Jimmie David Post (October 28, 1939 – September 14, 2022) was an American folk singer-songwriter, composer, playwright and actor. In 1968 his pop song "Reach out of the Darkness" charted on the Billboard Hot 100 for 14 weeks, peaking at number 10.

Life and career
Jim Post was born in Houston, Texas. He performed and recorded in the 1960s  as the duo Friend and Lover with his wife at that time, Cathy Conn Post.
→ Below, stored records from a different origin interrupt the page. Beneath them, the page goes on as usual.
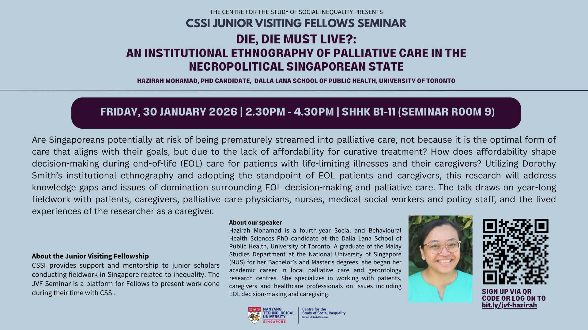 (CSSI Junior Visiting Fellows Seminar) Die, die must live?: An Institutional Ethnography of Palliative Care in the Necropolitical Singaporean State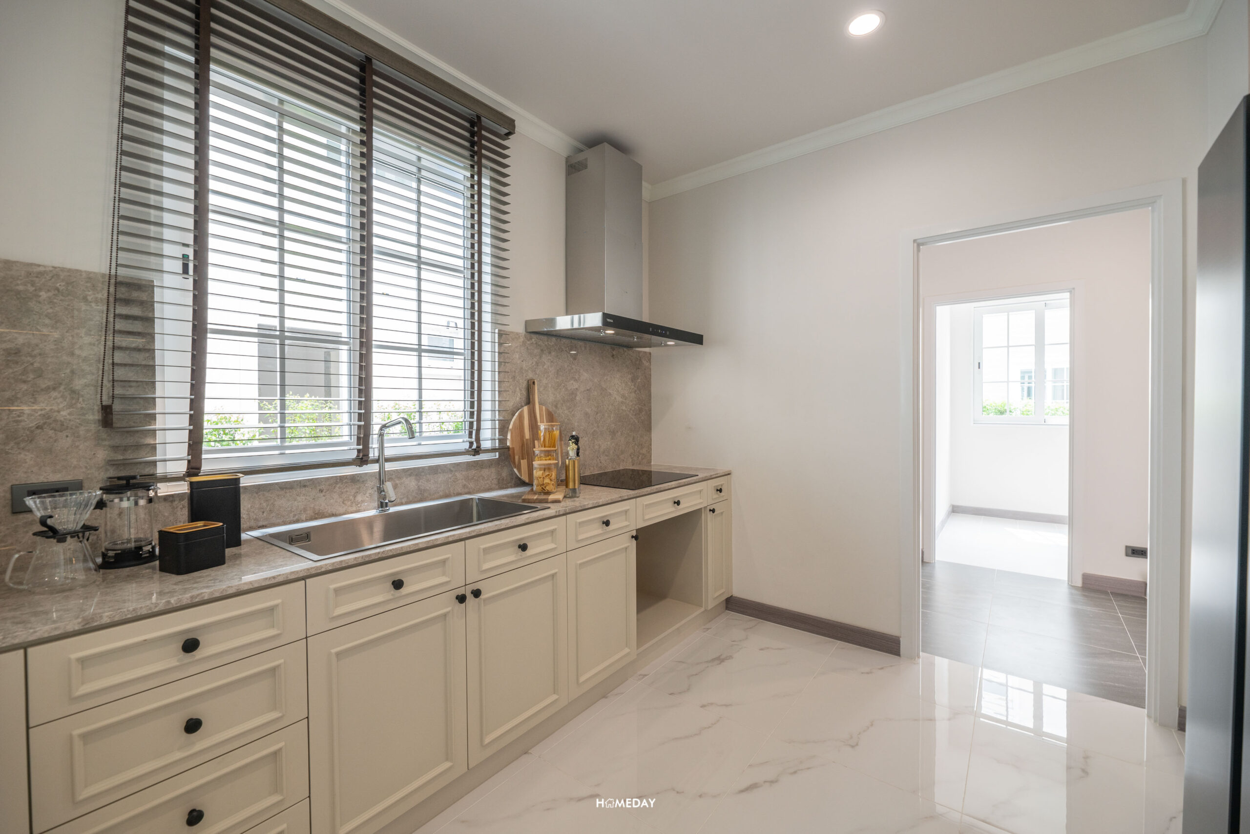 เชื่อมต่อ Pantry เข้าสู่ห้องครัวไทย ภายในมีช่องแสงเป็นหน้าต่างบานเลื่อนมาให้ 1 บาน เปิดระบายอากาศและความชื้นได้ สามารถ Built-in ตู้เก็บเครื่องใช้ในครัวเรือนและชุดเคาน์เตอร์ครัว โดยยังมีพื้นที่เหลืออีกฝั่ง ให้วางตู้เย็นขนาดใหญ่ได้สบาย ๆ บ้านเปล่าทางโครงการมีการวางระบบน้ำและไฟไว้ให้เป็นมาตรฐานอยู่แล้วครับ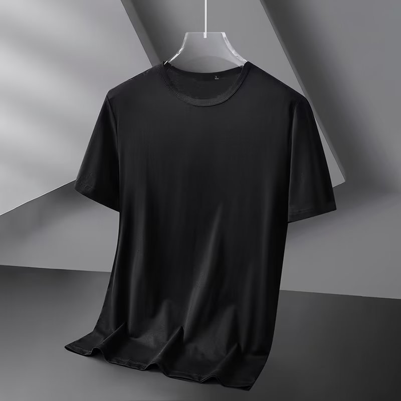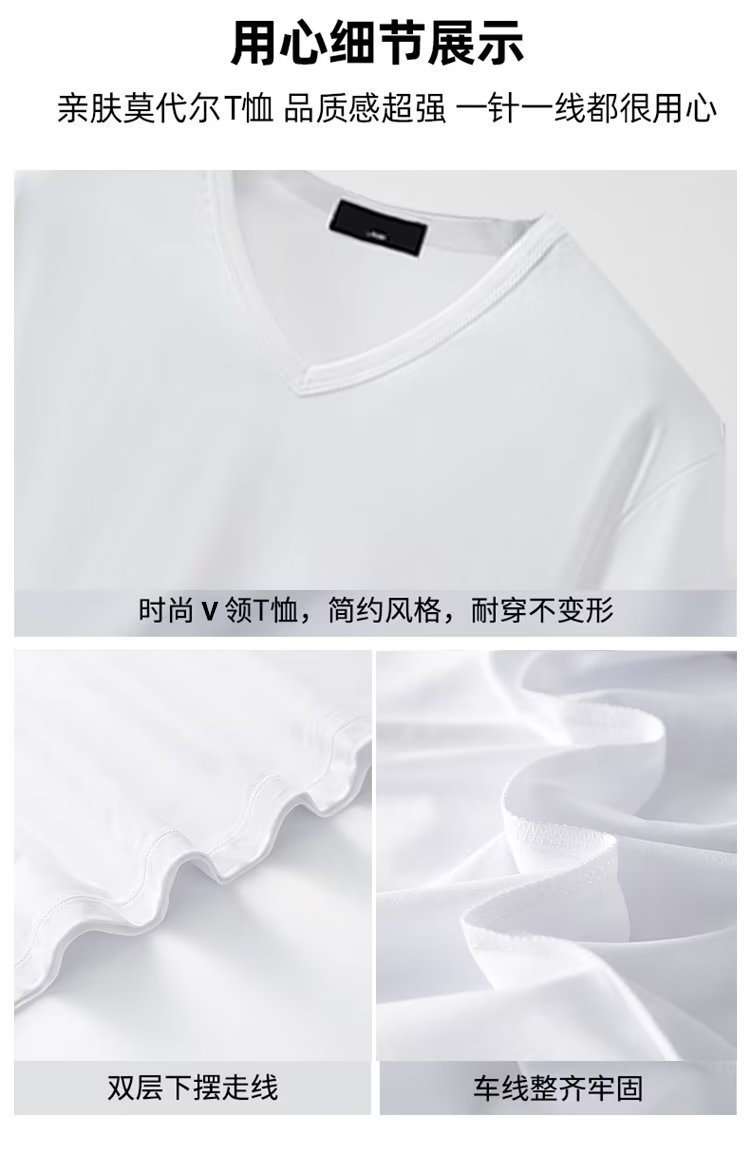 모달 아이스 실크 반팔 티셔츠 남자 2025 년 새 여름베이스 셔츠 컬러 V 넥 티셔츠 옷 반소매 트렌드스토어 가기

He worked as a solo singer-songwriter in Chicago and throughout the Midwest in the 1970s and 1980s.  Post was a regular performer at the Earl of Old Town and other Chicago folk music bars, and was a contemporary of notable singer-songwriters Steve Goodman, John Prine, Fred Holstein, and Bonnie Koloc, and a frequent collaborator with singer-songwriter and multi-instrumentalist Mick Scott and Tom Dundee.  In 1971, he produced and played on an album of Chicago folk musicians, Gathering at the Earl of Old Town, that included the first recording of Goodman's "City of New Orleans". Starting in 1985, he hosted the Flea Market folk show played on WBEZ live at Navy Pier. During the 1990s and 2000s, he focused on performing the character of Mark Twain in one-man shows in a style similar to that of Hal Holbrook's Mark Twain Tonight and Mike Randall's Mark Twain Live.  Post has also recorded an album of children's songs.

Post lived in Galena, Illinois. He was a guest on Ellen in a segment titled "Awesome Album Covers", where the talk-show host teased him about his album I Love My Life.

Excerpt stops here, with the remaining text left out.